So here’s an example. My application’s SQL query seems to be stuck or very slow and I want to dump the execution plan line ID it is currently executing. I’ll first list the execution plan for my application SID 849 (output edited for brevity):
SQL> @xsid 849
-------------------------------------------------------------------------------
| Id | Operation | Name |
-------------------------------------------------------------------------------
| 0 | SELECT STATEMENT | |
| 1 | TEMP TABLE TRANSFORMATION | |
| 2 | LOAD AS SELECT (CURSOR DURATION MEMORY)| SYS_TEMP_0FD9D6689_1564080 |
| 3 | UNION-ALL | |
| 4 | HASH GROUP BY | |
|* 5 | HASH JOIN | |
| 6 | TABLE ACCESS FULL | DATE_DIM |
|* 7 | HASH JOIN | |
| 8 | TABLE ACCESS FULL | CUSTOMER |
| 9 | PARTITION RANGE ALL | |
| 10 | TABLE ACCESS FULL | STORE_SALES |
| 11 | HASH GROUP BY | |
|* 12 | HASH JOIN | |
| 13 | TABLE ACCESS FULL | DATE_DIM |
|* 14 | HASH JOIN | |
| 15 | TABLE ACCESS FULL | CUSTOMER |
| 16 | PARTITION RANGE ALL | |
| 17 | TABLE ACCESS FULL | WEB_SALES |
| 18 | SORT ORDER BY | |
|* 19 | HASH JOIN | |
|* 20 | HASH JOIN | |
|* 21 | HASH JOIN | |
|* 22 | VIEW | |
| 23 | TABLE ACCESS FULL | SYS_TEMP_0FD9D6689_1564080 |
|* 24 | VIEW | |
| 25 | TABLE ACCESS FULL | SYS_TEMP_0FD9D6689_1564080 |
|* 26 | VIEW | |
| 27 | TABLE ACCESS FULL | SYS_TEMP_0FD9D6689_1564080 |
|* 28 | VIEW | |
| 29 | TABLE ACCESS FULL | SYS_TEMP_0FD9D6689_1564080 |
-------------------------------------------------------------------------------
Dumping call stacks
The above script uses v$session and v$sql_plan to show which SQL statement and plan my session is executing, but it doesn’t know on which exact plan line the execution currently is.
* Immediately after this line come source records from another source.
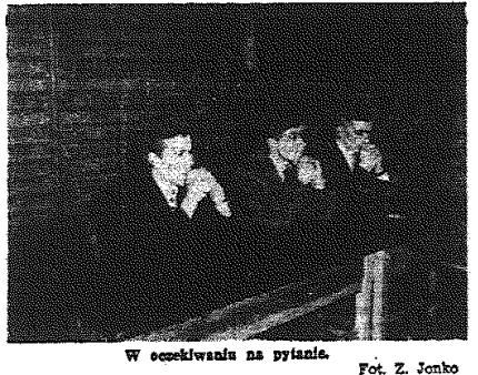
W oczekiwaniu na pytanie.

Zwycięską drużyną w grupie udział w eliminacjach ogólnopolskich w Warszawie, (4)
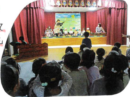
他のクラスの劇遊びも見せてもらい興味津々でした。
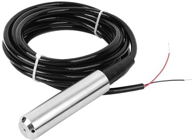
Fig. 2: Pegeldurcksonde

Diese Art von Sensoren wird meist über die Stromschnittstelle "4 .. 20mA" betrieben. Dabei muss die Node den Strom messen, welcher der Sensor verbraucht. Dieser liegt dann zwischen 4mA und 20mA. Der Messbereich des Sensors muss dann auf den Bereich 4mA bis 20mA übertragen werden. Ist der Messbereich des Sensors bspw. mit 0m bis 100m angegeben, würde bei einer 0m Messung 4mA an Strom fließen und bei 100m 20mA.

So I connect to that stuck session with ORADEBUG and make it dump its call stack:
SQL> @odsid 849
Oracle pid: 135, Unix process pid: 31432, image: oracle@linux01.localdomain
SQL> ORADEBUG DUMP CALLSTACK 2
Statement processed.
The Oracle’s CALLSTACK dump dumps less data than ERRORSTACK. In fact, errorstack uses callstack for dumping the kernel stack under the hood. I’m using the Oracle’s stack dumping mechanism here as Oracle uses its built-in stack unwind code that tries to extract function call arguments (if available in the stack) too.
Here’s the lengthy output. I pasted it for completeness, but will separately paste sections of interest in my analysis below. The top functions (everything above __sighandler()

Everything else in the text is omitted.